Overkill for DOS

This must have taken ages to draw!

This must have taken ages to draw!

Overkill is a shoot ’em up game made by Ste Cork back in 1992. It was the first vertical shooter released by Epic Megagames at a time when they were at the height of competition with Apogee. Like many other PC games of the time the game supports older technology in the form of CGA and EGA graphics, even though VGA was very common at the time. I originally played the shareware version of the game from a magazine cover disk shortly after it came out. I thoroughly enjoyed the game, and unfortunately because of being a kid and poor wasn’t able to get the registered version.

Six Levels

Six Levels

Fortunately the author was kind enough to make the registered version freeware quite some time ago. I don’t know why more authors of DOS software don’t do the same thing, but I guess they must have their reasons. It would be nice if they’d port the games to modern devices, but that’s a rant that’s completely off topic.

Starting wave

Starting wave

As I said before the game has EGA and CGA graphics available, which are both very impressive in terms of both speed and artistry. Dithering is used very effectively to draw complicated parts of the user interface and the sprites. There are few EGA games that look this nice. Another contemporary game called Major Stryker whilst it has better technical graphical features, it doesn’t make effective use of dithering as much as this game. I’ve also noted whilst playing that the animation is quite well done, it’s smooth and plays well on the kind of machine I had at the time.

In level 1

In level 1

The sound mostly comes from the PC speaker, and sounds quite good. This was quite handy for us on our old machine as we didn’t have a nice sound card. It also has the option for Adlib music which is good, but there is only a few songs from what I can tell. They aren’t intrusive so they are unlikely to get annoying if you hear them repeatedly.

Weird spikiness

Weird spikiness

The game play is pretty much your standard shoot ’em up style, but with a few small differences. Firstly you can choose which weapon power ups you want to use. You do this by pressing the choose key once the power up you want is currently available. Each time you pick up the weapon power up the game cycles between four different types of improvements, you just have to wait until you’ve got the one you want then press the button to use it.



There are a few weapons that seem to help me out more than others. I’ve found for the guns, simply having the first power up, the double shot, is one of the most effective weapons you can have. The contour missiles are another must as they take out enemies nearby that you couldn’t otherwise get.

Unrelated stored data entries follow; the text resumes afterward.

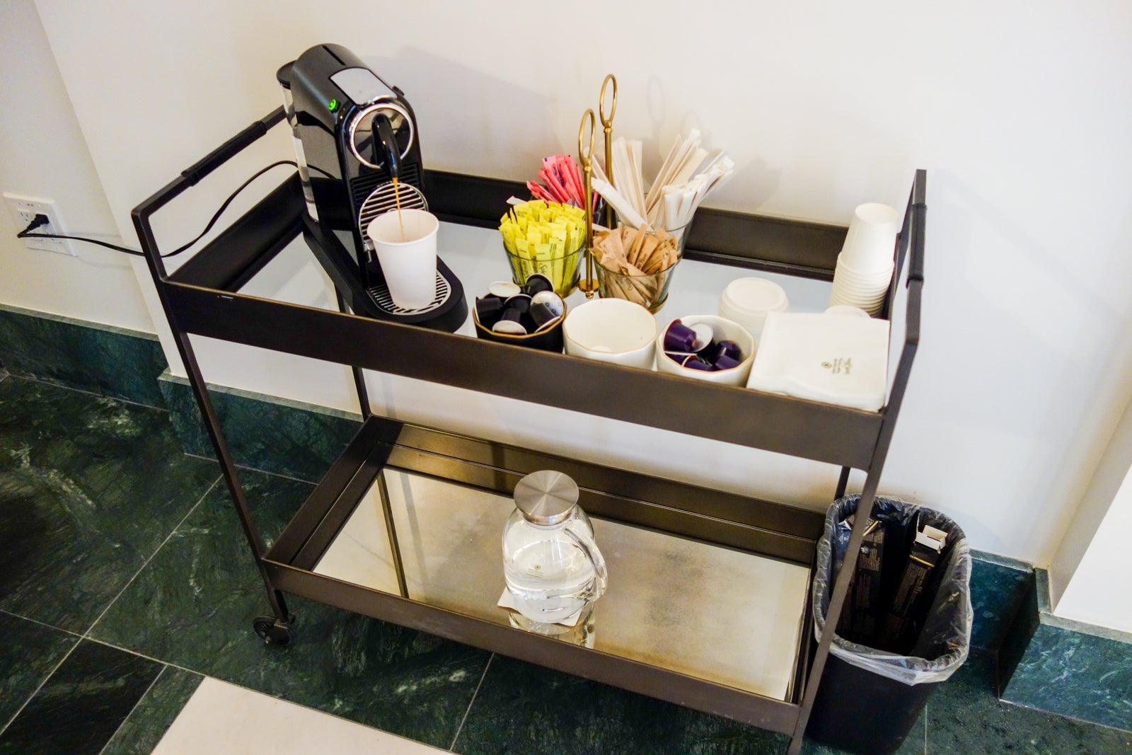 Kimpton usually offers complimentary coffee and tea service in the mornings. However, all that was available during our stay was a small Keurig that could brew a single small cup at a time. It was manned by one of the front desk agents, so it meant a bit of a wait if there was even just a single person in front of you. I can't imagine how long it would have taken if the hotel had been busy.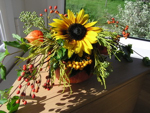 Der grosse Zwerg bringt noch ein Tischgesteck von der Feier mit heim, das erinnert uns noch ein wenig an den schönen Sonntag...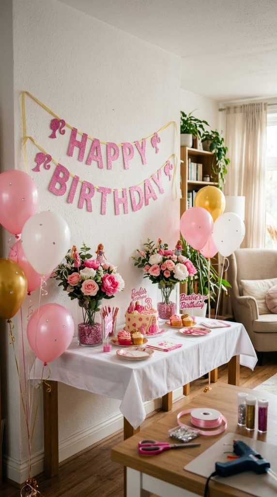 Grab pink cardstock, glitter glue, and ribbon to craft handmade banners spelling “Happy Birthday” in bold, bubbly letters. They look expensive but cost almost nothing.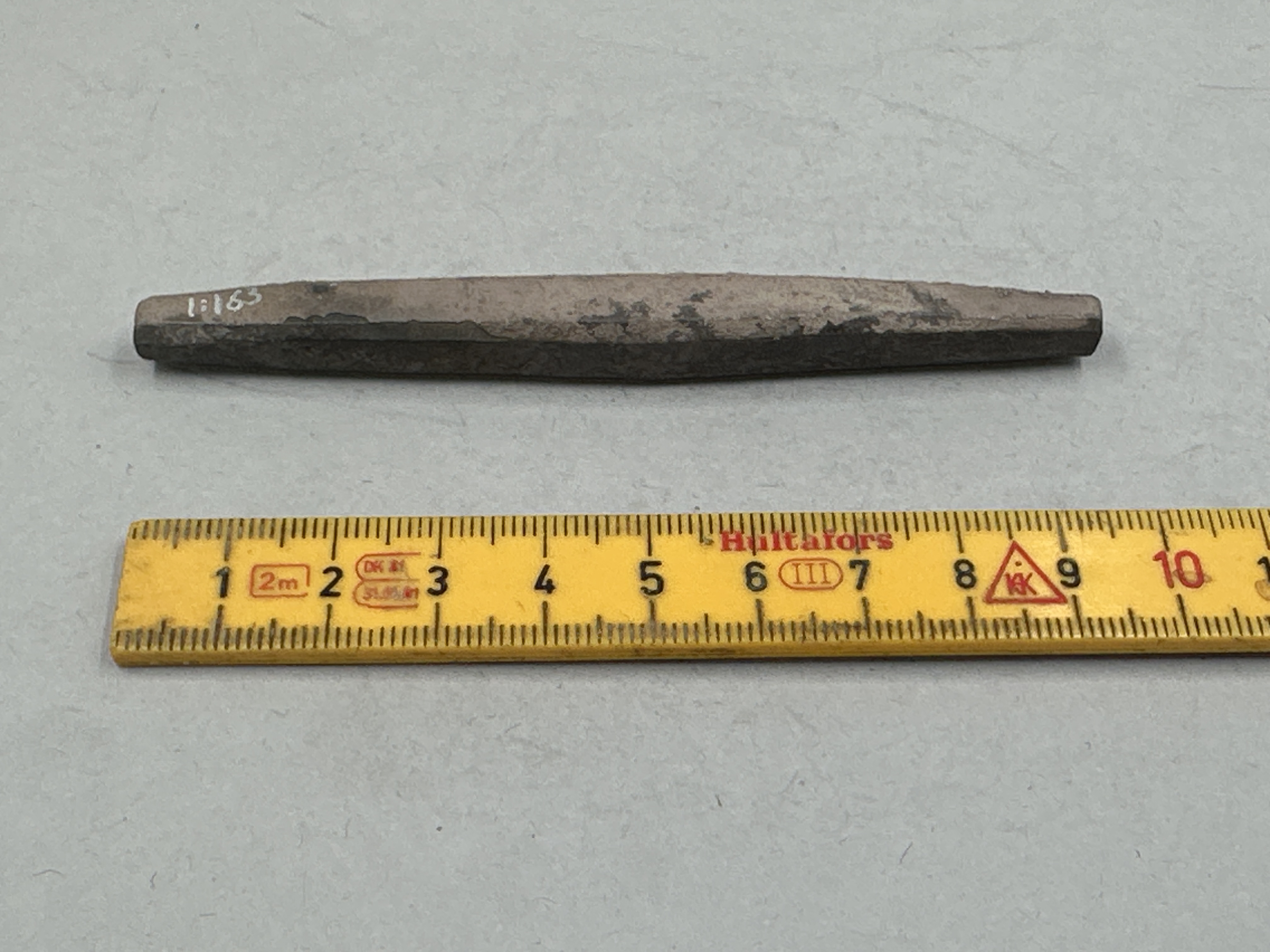 Avlång med avfasade kanter. Närmast kvadratiskt tvärsnitt. Ändarna avsmalnande.
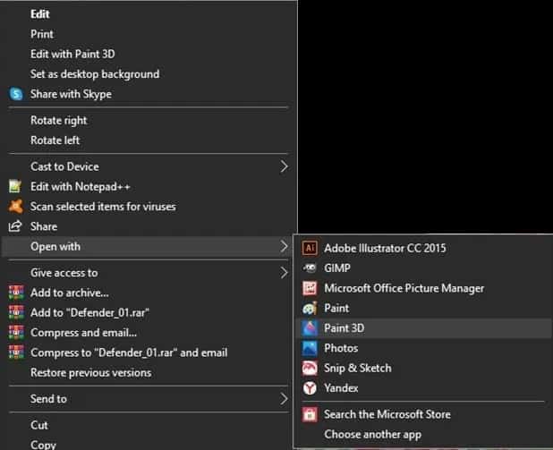1. The image can either be opened by right-clicking on it and selecting Open Within Paint or by clicking File, then Open in the Paint top menu.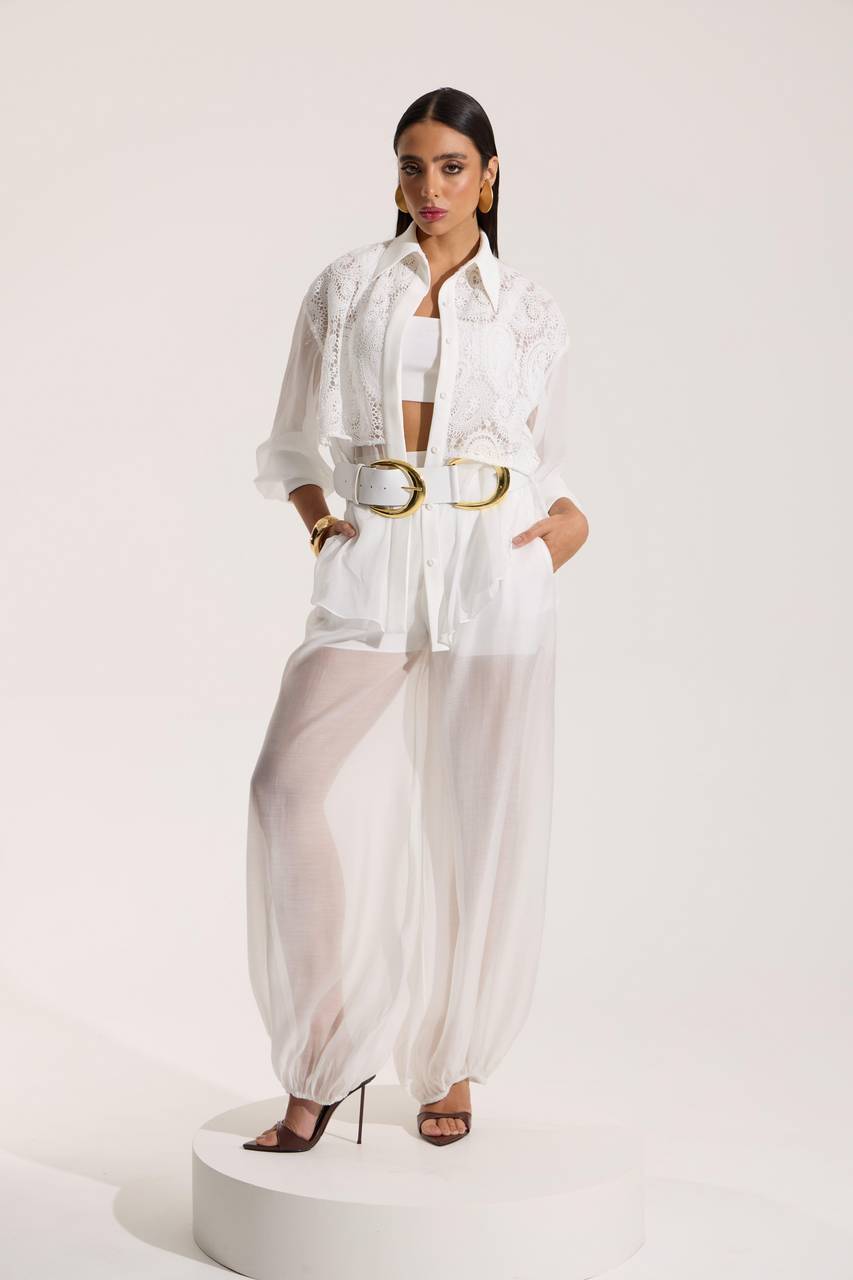 Camisa branca leve e sofisticada, com corpo em renda delicada e mangas em tecido translúcido, trazendo contraste de texturas de forma elegante. Possui modelagem ampla, fechamento frontal por botões e comprimento mais curto, que cria um visual moderno e versátil. Uma peça que combina frescor, feminilidade e estilo contemporâneo — perfeita para composições sofisticadas de verão.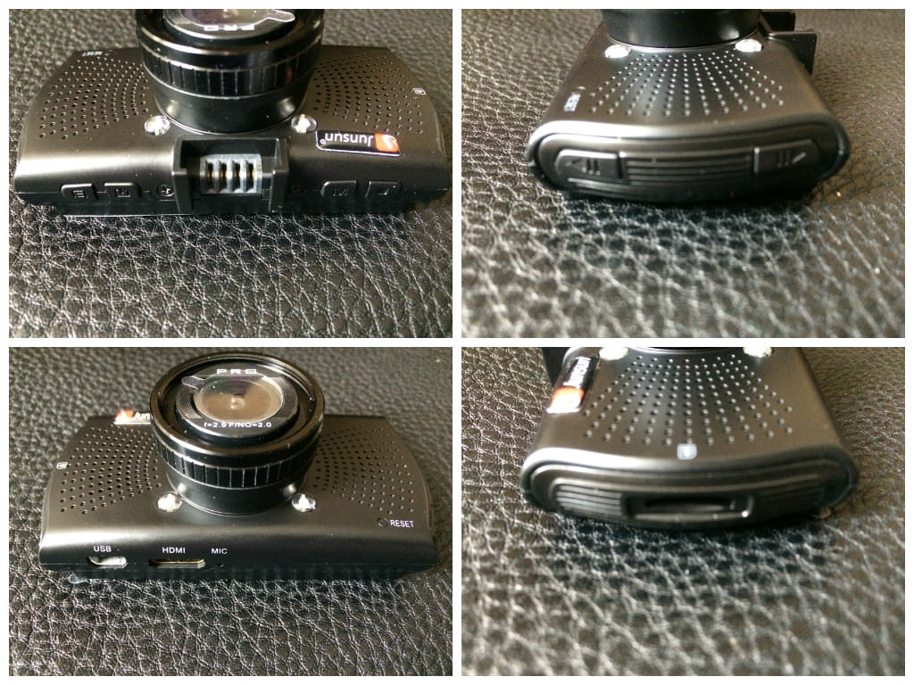 На передней панели находится кнопка Reset для сброса регистратора в случае зависания (забегая наперед: за время эксплуатации Junsun A7810 зависал у меня ровно один раз при подключении его к телевизору, и ни разу не зависал во время работы в автомобиле).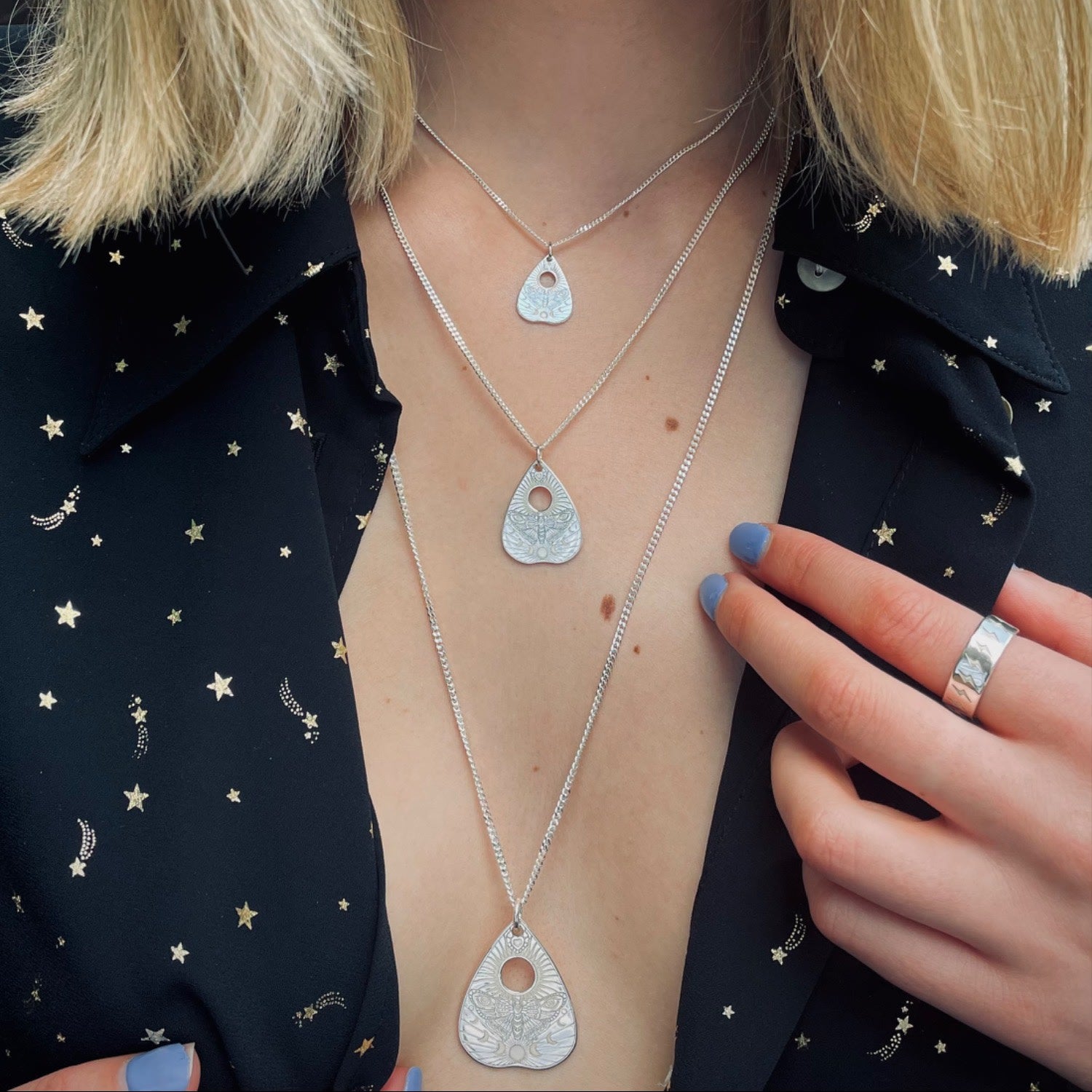 This Large Sterling Silver Moth Planchette by Cartergore is a unique and edgy pendant. From the Tattoo Candy collection, this piece is tailored to your individuality, blending premium bespoke beauty with a unique aesthetic. The moth planchette design is a captivating and symbolic statement, perfect for those who want to tell their own story with their jewelry.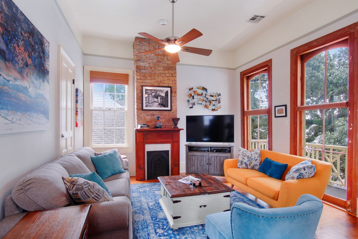 Spacious and elegant 2 bedroom, 2.5 bath apartment on the second floor of our beautiful historic home. It has lots of natural light and a balcony that you can sit out on in the morning and enjoy your coffee. Located on a quiet tree lined block in the historic neighborhood of Treme, just two blocks from the French Quarter and the Rampart Streetcar. Plenty of free on-street parking on our block. It's just a short walk to Bourbon St, The Marigny, Frenchmen St and Louis Armstrong Park. This property will allow you to enjoy all that New Orleans has to offer. Each room is beautifully decorated with its own unique style & decor. It has an incredible layout, featuring bedrooms with walk in closets and private bathrooms in each. The roomy 1400+ Sq Ft apartment features high ceilings, pocket doors, private balcony, and hardwood floors. We have a pull out sofa bed in the living room that can sleep 2 (to be used only by 6 guests who are paying the extra guests fee), and the pocket doors can be closed for privacy. Amenities include High-Speed Wi-Fi, Cable TV with HBO and Netflix, complementary coffee and tea, extra pillows and linens. Ironing board and iron, garment steamer, and blackout curtains in the bedrooms. **Not suitable for parties or loud gatherings as we have very nice neighbors downstairs.** Reviews matter! We are very proud of the consistent 5-Star reviews we receive from our wonderful guests - many of them repeats. We strive for a unique home-away-from-home experience (it is our actual home) and our guests tell us they love the thoughtful details. Our prices include all fees. No hidden fees.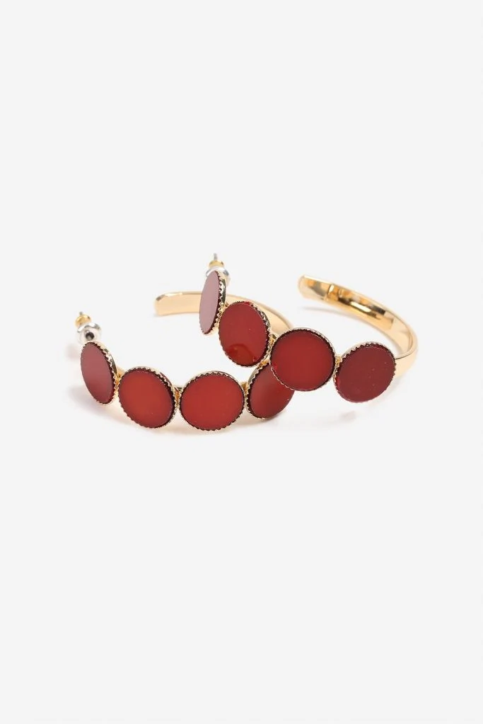 Gold hoop earrings with red circle detail, €13 at Topshop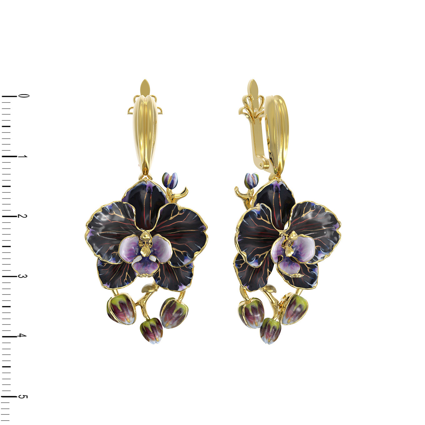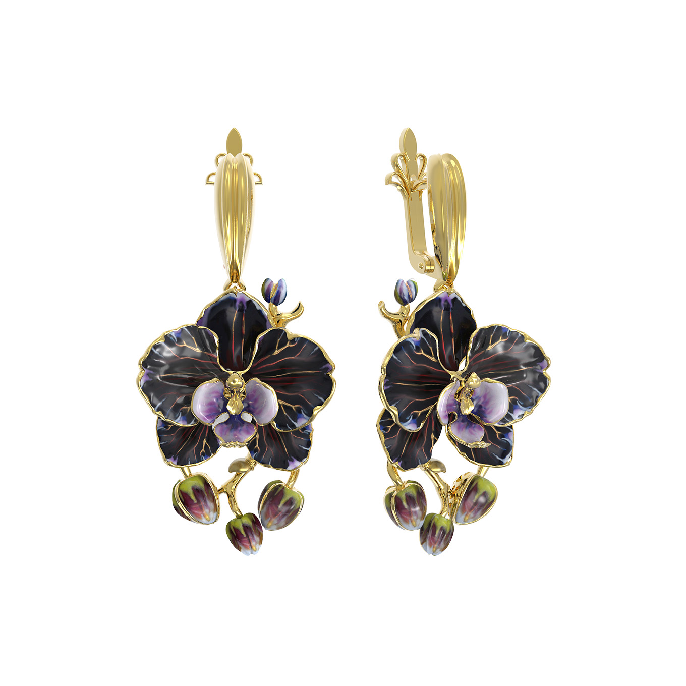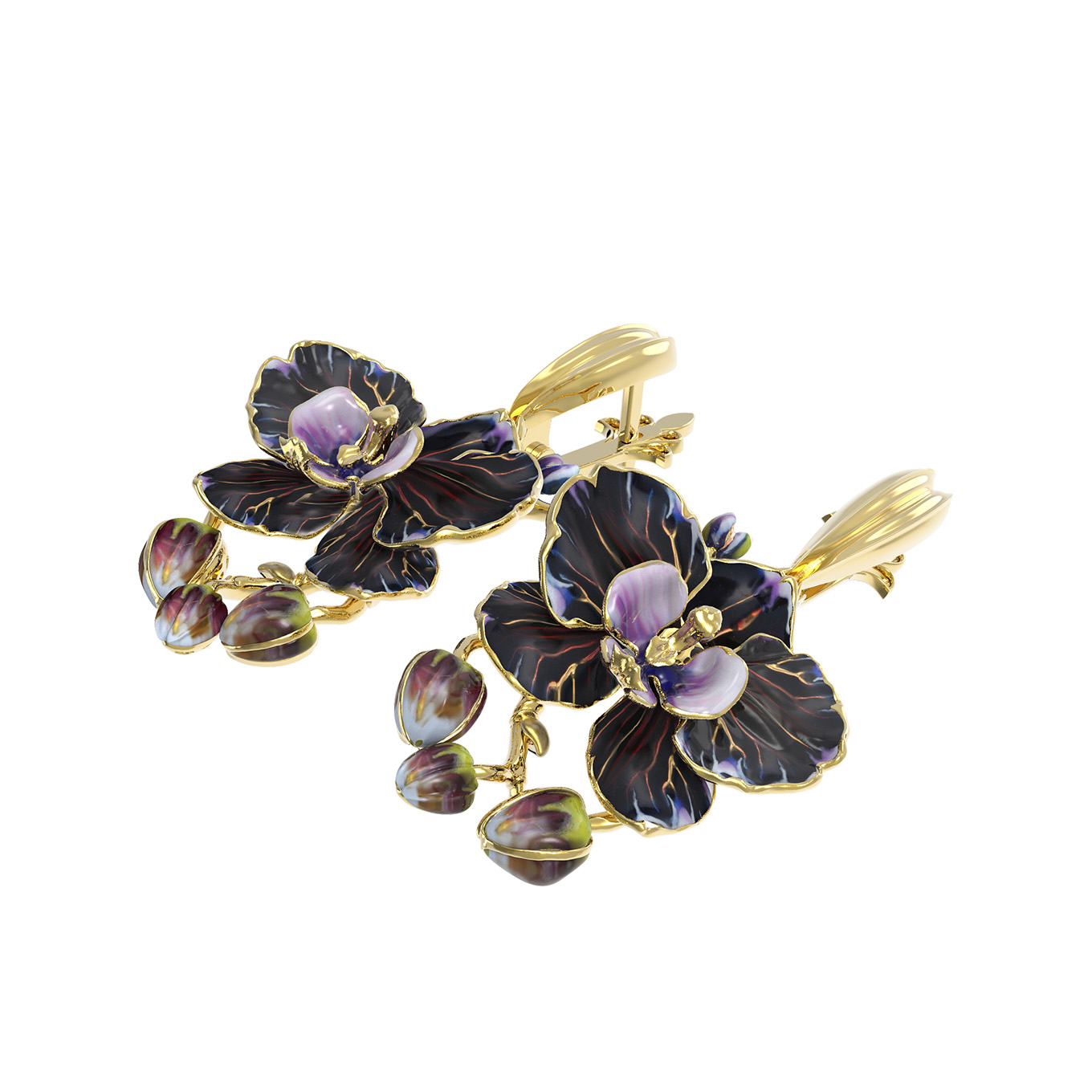 Линии лепестков, мастерски исполненные в металле, подчеркивают благородный оттенок лимонного золота, создавая гармоничное сочетание с цветной эмалью. Разноцветная эмаль придает изделию глубину и объем, словно оживляя бутоны орхидей прямо на ваших глазах. Использование эмали в ювелирном искусстве позволяет добиться уникальной игры цвета, которая делает каждое изделие по-настоящему живым и динамичным.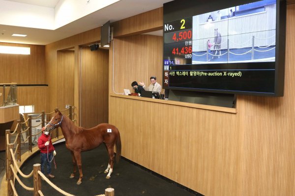 지난해 3월 경매와 비교해 상장두수는 비슷한 수준이지만 낙찰두수가 37두에서 76두로, 총낙찰액 역시 14억 3800만 원에서 29억 1900만 원으로 늘었다. 최고가는 부마 올드패션드와 모마 투리브포 사이에서 태어난 수말로 1억 4000만 원에 낙찰됐다. 이날 경매 현장에는 정기환 한국마사회장이 방문해 경주마 생산농가와 말산업 관계자들을 격려했다.

I also like the yo-yo missile which is pretty unique. It is a seeking missile that goes out attacks a enemy destroying it, then returning to your ship so it can make another run at another enemy. This is extremely useful and is sensibly time limited as this could be over powered if you had it permanently.



Like many other shooters you can get side arms, a fire nose and drones to add more fire power to your ship. Unlike other games these extra parts can be destroyed if they are hit by enemies or the surrounding terrain. You can also upgrade you ship to a fighter or eventually a battle cruiser. This affects how well the ship handles as well as how strong it’s shields are. This can make some of the tighter areas on some levels more difficult.

High Scores

High Scores

The Wikipedia page for Overkill says that it was quickly overshadowed by some other games such as Raptor, Tyrian, and Major Stryker. Two of these were released several years later, so I don’t personally consider them to be in the same generation as Overkill, so that statement is a bit sketchy. Still Overkill is not a well known DOS game, but it is certainly one of the hidden gems of its era.